[Items listed in a dataset]

▽

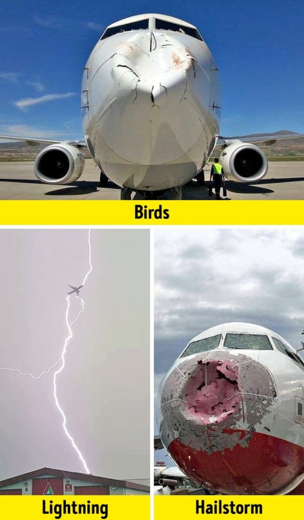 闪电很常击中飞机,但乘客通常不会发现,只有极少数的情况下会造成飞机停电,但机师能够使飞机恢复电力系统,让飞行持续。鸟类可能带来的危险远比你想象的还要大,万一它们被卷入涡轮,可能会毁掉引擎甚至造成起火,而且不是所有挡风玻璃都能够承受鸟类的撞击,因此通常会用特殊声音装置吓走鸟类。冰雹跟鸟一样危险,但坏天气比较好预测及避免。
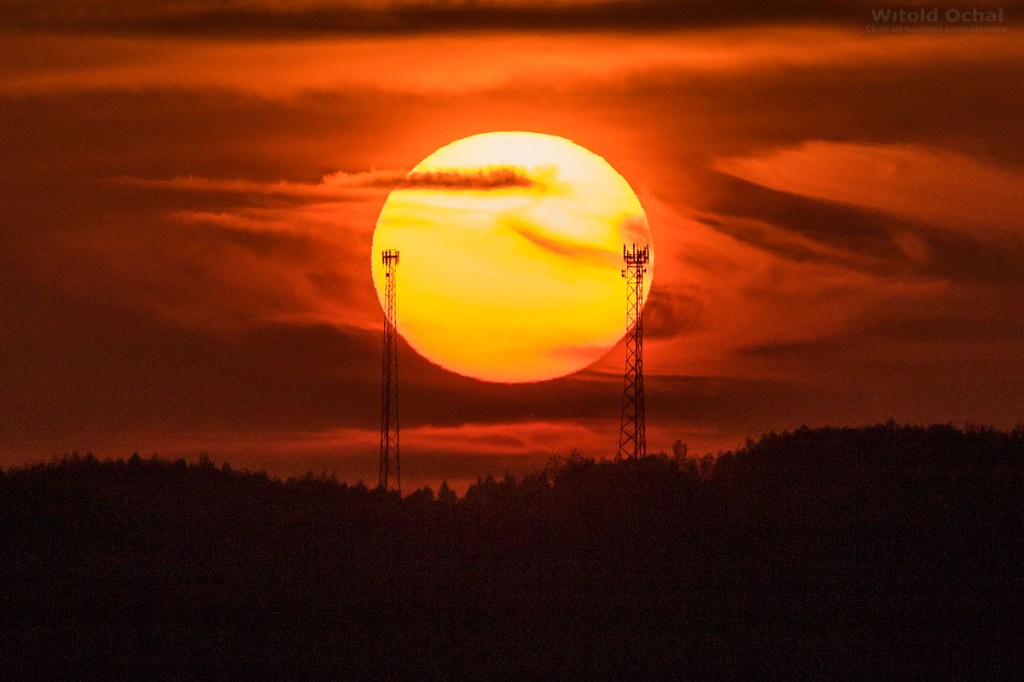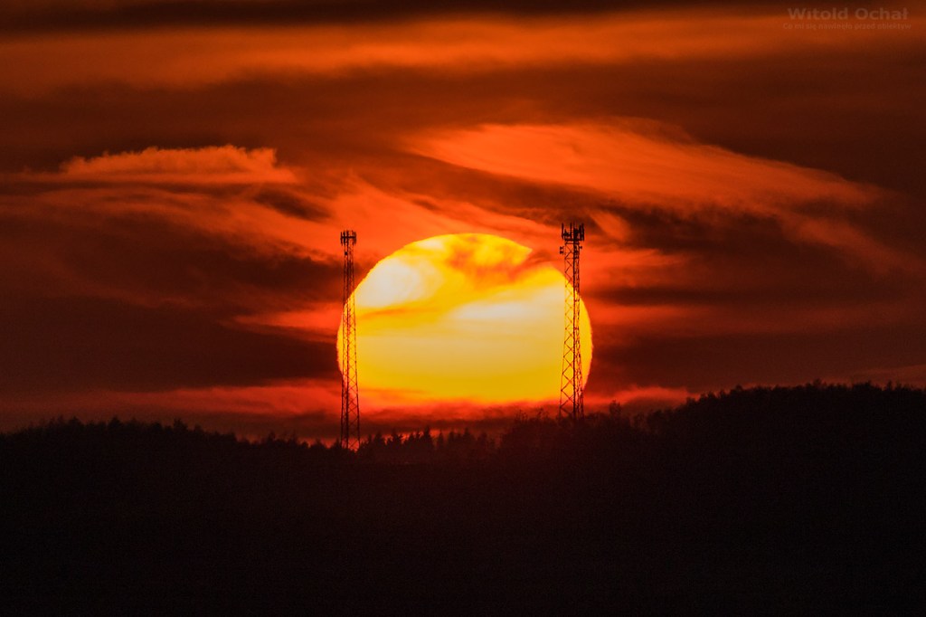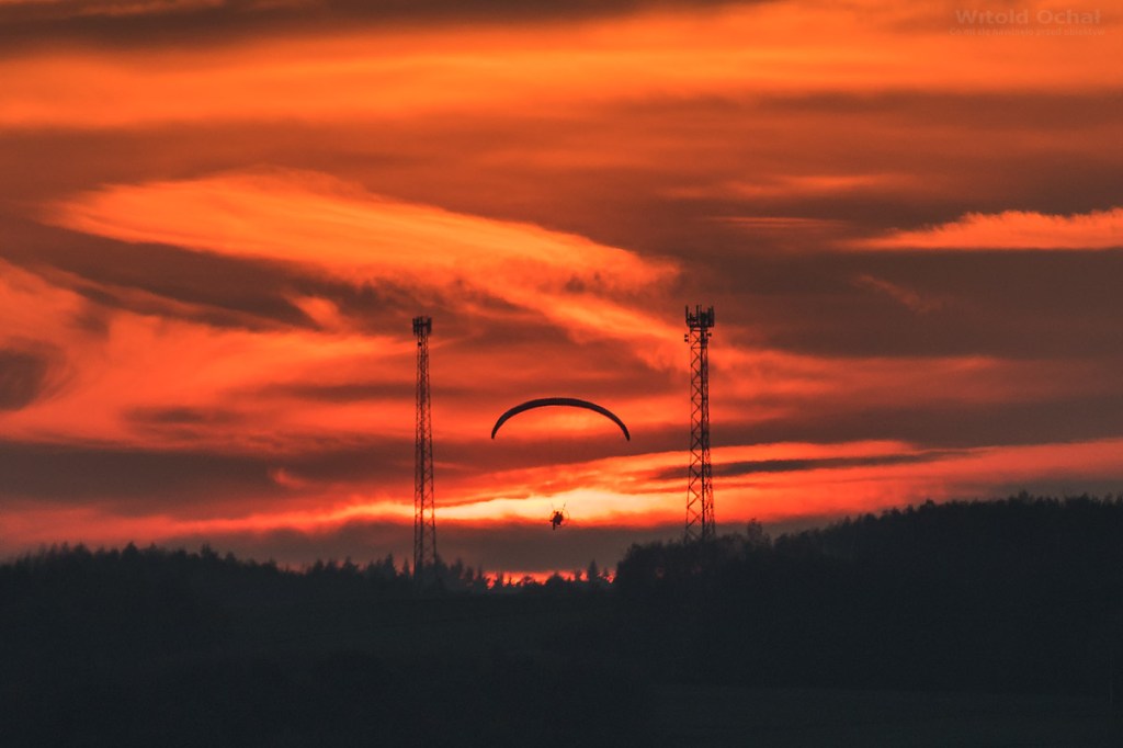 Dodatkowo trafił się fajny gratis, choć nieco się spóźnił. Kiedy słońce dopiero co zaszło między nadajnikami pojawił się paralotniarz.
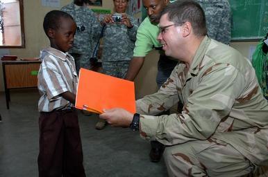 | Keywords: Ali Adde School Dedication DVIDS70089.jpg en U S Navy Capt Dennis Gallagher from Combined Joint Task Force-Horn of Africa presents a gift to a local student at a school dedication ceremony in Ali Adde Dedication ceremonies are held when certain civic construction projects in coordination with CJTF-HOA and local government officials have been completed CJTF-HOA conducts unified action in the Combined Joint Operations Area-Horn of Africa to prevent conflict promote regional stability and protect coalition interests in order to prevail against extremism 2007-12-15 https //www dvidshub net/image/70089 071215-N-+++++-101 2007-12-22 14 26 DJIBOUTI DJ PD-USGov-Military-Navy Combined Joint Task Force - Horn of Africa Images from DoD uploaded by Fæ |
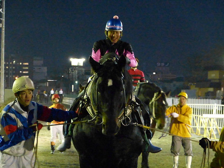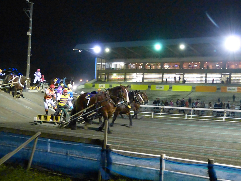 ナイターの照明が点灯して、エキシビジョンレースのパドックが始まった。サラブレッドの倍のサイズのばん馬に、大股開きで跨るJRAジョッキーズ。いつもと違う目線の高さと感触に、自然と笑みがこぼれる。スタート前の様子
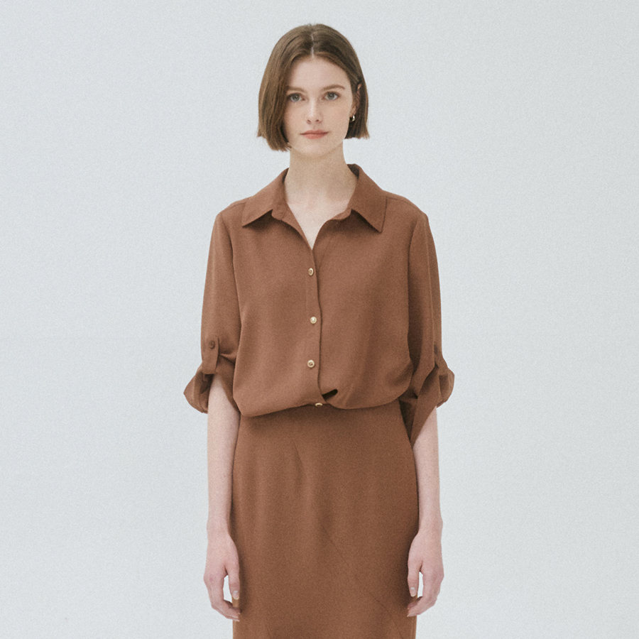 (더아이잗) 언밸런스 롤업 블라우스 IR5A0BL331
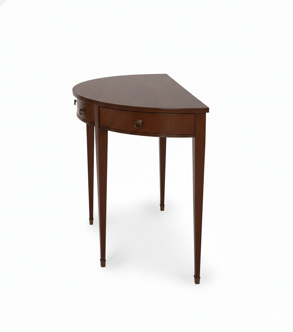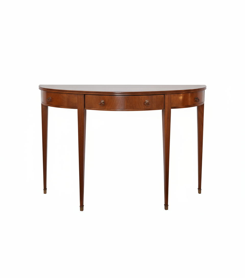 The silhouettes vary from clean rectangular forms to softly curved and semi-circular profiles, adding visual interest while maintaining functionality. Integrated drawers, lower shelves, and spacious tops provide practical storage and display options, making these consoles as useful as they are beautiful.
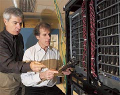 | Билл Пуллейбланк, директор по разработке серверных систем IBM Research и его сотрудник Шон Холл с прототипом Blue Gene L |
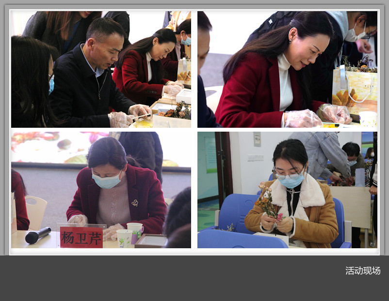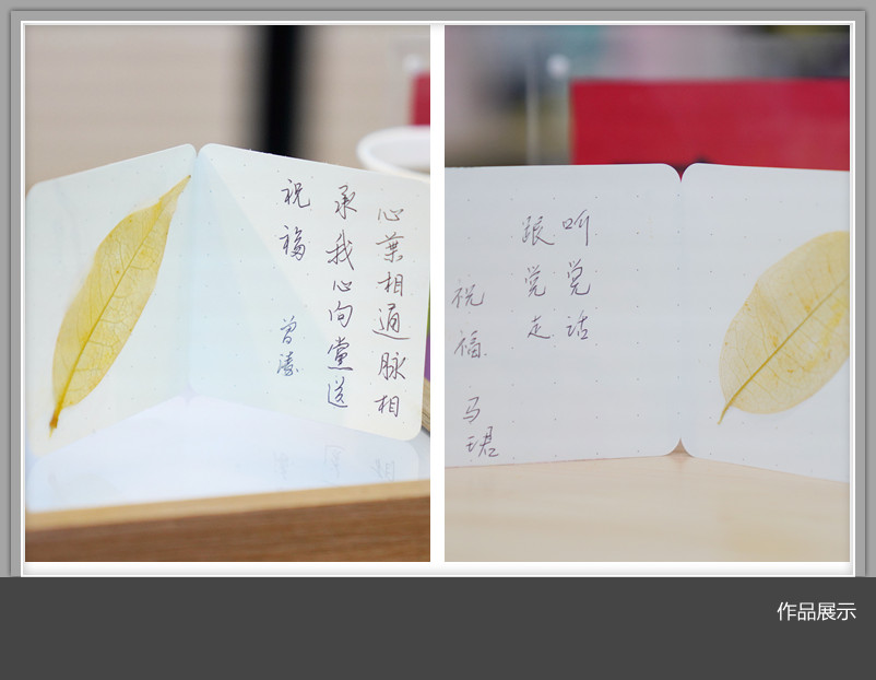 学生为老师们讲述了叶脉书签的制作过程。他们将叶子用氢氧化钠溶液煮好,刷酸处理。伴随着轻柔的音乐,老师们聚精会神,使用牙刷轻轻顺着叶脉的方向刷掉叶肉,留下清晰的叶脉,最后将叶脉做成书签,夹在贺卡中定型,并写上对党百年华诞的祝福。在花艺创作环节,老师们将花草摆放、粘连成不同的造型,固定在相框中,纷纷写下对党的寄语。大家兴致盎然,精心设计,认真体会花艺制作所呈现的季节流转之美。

△

> **Task to complete**: Up to and including the line with "Dodatkowo trafił się", copy the data above from its first line. Skip pictures.

> **Solution for this exercise**:
 闪电很常击中飞机,但乘客通常不会发现,只有极少数的情况下会造成飞机停电,但机师能够使飞机恢复电力系统,让飞行持续。鸟类可能带来的危险远比你想象的还要大,万一它们被卷入涡轮,可能会毁掉引擎甚至造成起火,而且不是所有挡风玻璃都能够承受鸟类的撞击,因此通常会用特殊声音装置吓走鸟类。冰雹跟鸟一样危险,但坏天气比较好预测及避免。
 Dodatkowo trafił się fajny gratis, choć nieco się spóźnił. Kiedy słońce dopiero co zaszło między nadajnikami pojawił się paralotniarz.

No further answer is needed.